As soon as we arived, my friend got us to put our sundresses on and whisked us off to Sentosa. Sentosa which translates to peace and tranquility in Malay was once known as Pulau Blakang Mati (which in Malay means the "Island Death from Behind". The change in name reflects the change in the island's character quite accurately. Whereas it used to be a military base it is now a green haven packed with luxury hotels and beautiful beach bars. Alcohol and coconut water at one of Sentosa's beach bars was the perfect welcome to Singapore!


Fried Carrot Cake
On our first night we had dinner on the Singapore River. Right opposite us was the  57 floor Marina Bay Sands hotel which is made up of three really tall buildings on the top of which there is a top floor sitting on all three buildings which is shaped like a ship. We sat outside on the river bank enjoying the beautiful views of the tall lit buildings and had chinese food including one of our favourite dishes of the trip called Fried Carrot Cake with oysters. The Carrot cake had nothing to do with carrot cake as we know it and I am not even sure that it had any carrot in it either. From recent researh in wikipedia I have found out that it is made of rice flour and radish. Mixed with oysters and fried in egg. It may sound weird but it was really tasty!

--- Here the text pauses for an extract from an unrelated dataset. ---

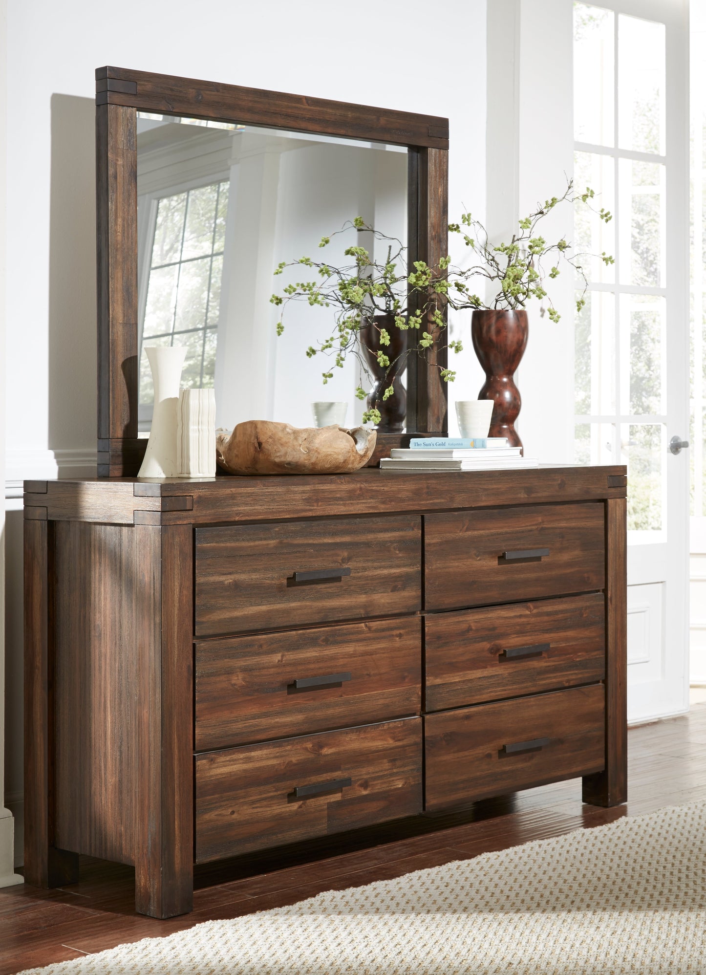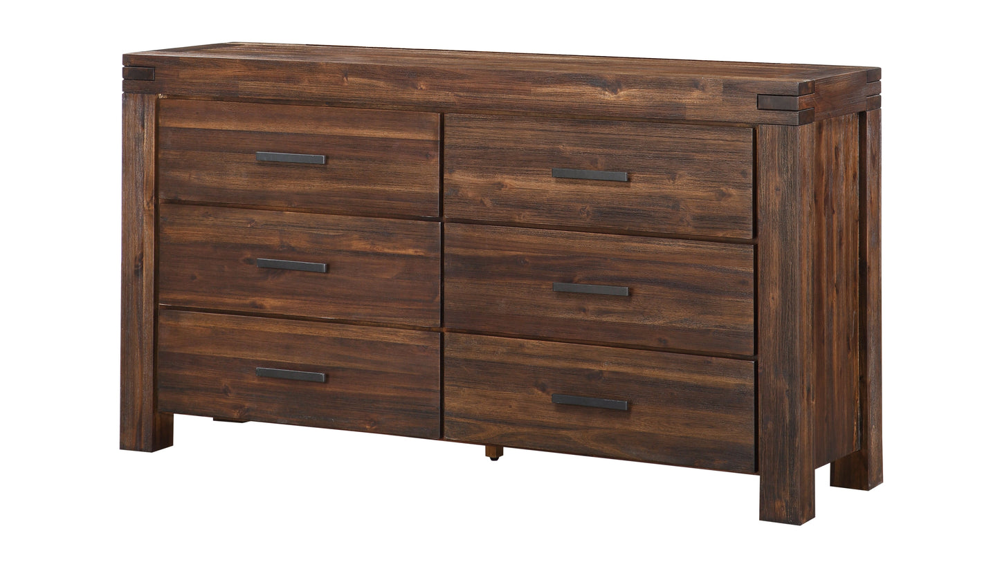 The Modus Meadow Dresser In Brick Brown. The Meadow collection is rugged durability and contemporary styling defined. Crafted from solid Acacia, its sleek lines showcase naturally occurring knot, grain and color variations inherent to the timber. Rustic wire brushing and a heavily glazed Brick Brown finish result in a perfect balance between modern and rustic.

After a huge meal we walked along the river where my friends (who are much more adventurous than I am foodwise and maybe lifewise as well but that's a different subject) insisted we try ice-cream in sliced bread which is a Singapore delicacy! And so we did. Sweetcorn flavoured ice cream no less!! The embankment was great to walk along and reminded me a bit of the London embankment other than the fact that the weather was warm which made our walk much more pleasant. We encountered the Singapore Lion and the Cavanagh bridge and I was impressed by the amounts of people walking aimlessly around at midnight on a Sunday. People just sitting around and drinking coffee reminded me that we were not in London after all. I was already relaxed!


Little India

Three of the most picteresque areas in Singapore are Little India,  Arab Street and China Town each reflecting a segment of Singapore's population. Little India stole my heart, with its Hindu temple and its many little shops selling everything from coconuts to bracelets to kids watches.  We snuck around as if on a treasure hunt each of us trying to find the most exciting buy! I think my friend the shopaholic won the competition by buying flower garlands outside the temple which were meant to be used as offerings by the worshippers but which she will be hanging in her house as lucky charms!

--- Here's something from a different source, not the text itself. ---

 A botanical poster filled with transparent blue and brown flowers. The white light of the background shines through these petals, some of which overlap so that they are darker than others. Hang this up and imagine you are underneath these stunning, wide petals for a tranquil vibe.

The malls, the bars and the restaurants

According to my friend who lives there, Singaporeans love to eat, drink and shop. In Singapore you can do each of these in style. The malls are enormous and uber modern! The bars are on rooftops with amazing views and beautiful people sipping their cocktails having not one worry in the world and the restaurants make really tasty food! My friend who was having us over made sure we got a range of experiences, she took us to dinner at a hawker which is like a canteen where the food is cheap but very tasty and at the rooftop of the Marina Bay Sands hotel where its not that cheap but still very tasty! Singapore is not very big but I do feel that you get so many options, you get the city vibe and the beach bar, the very modern malls on orchard street but also the traditional Little India and the narrow streets around Arab street. The modern rooftop bars but also the very traditional bar at the Raffles hotel where you can feel like colonialism never ended by munching on whole shelled peanuts. 

For me the highlight of the trip was probably spending time with my girl friends who I do not get to see as much now we have *grown up*.  Then again having them scattered around does help in exploring the world. We only stayed for 4 days but I felt that I was 10 years younger by the time we were boarding our plane. We were off to Dubai where the next friend was waiting..but I will save that for my next post!


Monday, October 4, 2010

Soulla' s Londoners

Rain Rain Go Away..

The last few days its has been pouring in London. With the rain comes the end of sitting outside (what the cold has failed to achieve the rain finishes off in 3 minutes!). For me the start of the crazy unstoppable rain also means my resort to taxis. Whereas I usually have plenty of patience and I am happy to wait for a bus in high heels at two o clock in the morning, once it starts raining I start acting without thinking and pretty soon I am walking ever so fast with my hand stretched out and desperately looking for a taxi!

  • Of course when you are looking for a taxi desperately it means that half of London is also looking for a cab just as desperately. In which case the following shall happen with mathematical precision:

  • No free taxi will be seen in the streets of a city usually packed with cabs;
  • You will not be able to get through to any radio taxi booking lines; and
  • when you do get through they shall tell you to wait for an hour (in the rain, in heels) until they can send you a cab..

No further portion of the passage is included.